His studies in optical and microwave spectroscopy inspired his original
concept of laser technology, an idea which he said came in a flash one
night in 1957. He wrote in his notebook "Some rough calculations on the
feasibility
of a LASER: Light Amplification by Stimulated Emission of Radiation,"
the first use of this acronym for the now familiar name. But he did not
file for a
patent until two years later, after others had applied for patents on
similar devices, and thus lost the strongest possible case for
priority.
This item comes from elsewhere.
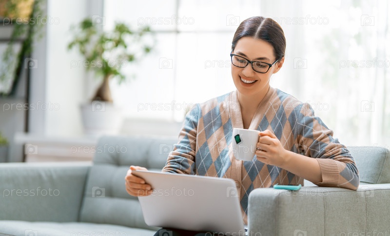 Женщина работает на ноутбуке

The first of Gould's basic laser patents was not issued until
1977, a full 20 years later.
The concept of stimulated emission
was formulated by Albert Einstein
in 1917. In 1954, before
anyone claimed invention of a laser, Charles H. Townes
and Arthur
L. Schawlow invented the maser (microwave amplification by stimulated emission of radiation), using
ammonia gas and microwave radiation. The technology is very close but
does not use visible light. Some historions credit Theodore Maiman
with invention of the first laser, but
Gordon Gould patented the
optically-pumped and
discharge-excited laser amplifiers now used in most industrial,
commercial, and medical applications of lasers. These
devices are used in 80 percent of the industrial, commercial, and
medical applications of lasers. Gould also holds patents on several
other applications of laser technology and on applications of fiber
optic communications. He was inducted into the National Inventors Hall
of Fame in 1991.
Gordon Gould died in Manhattan,
where he was born, on September 16, 2005.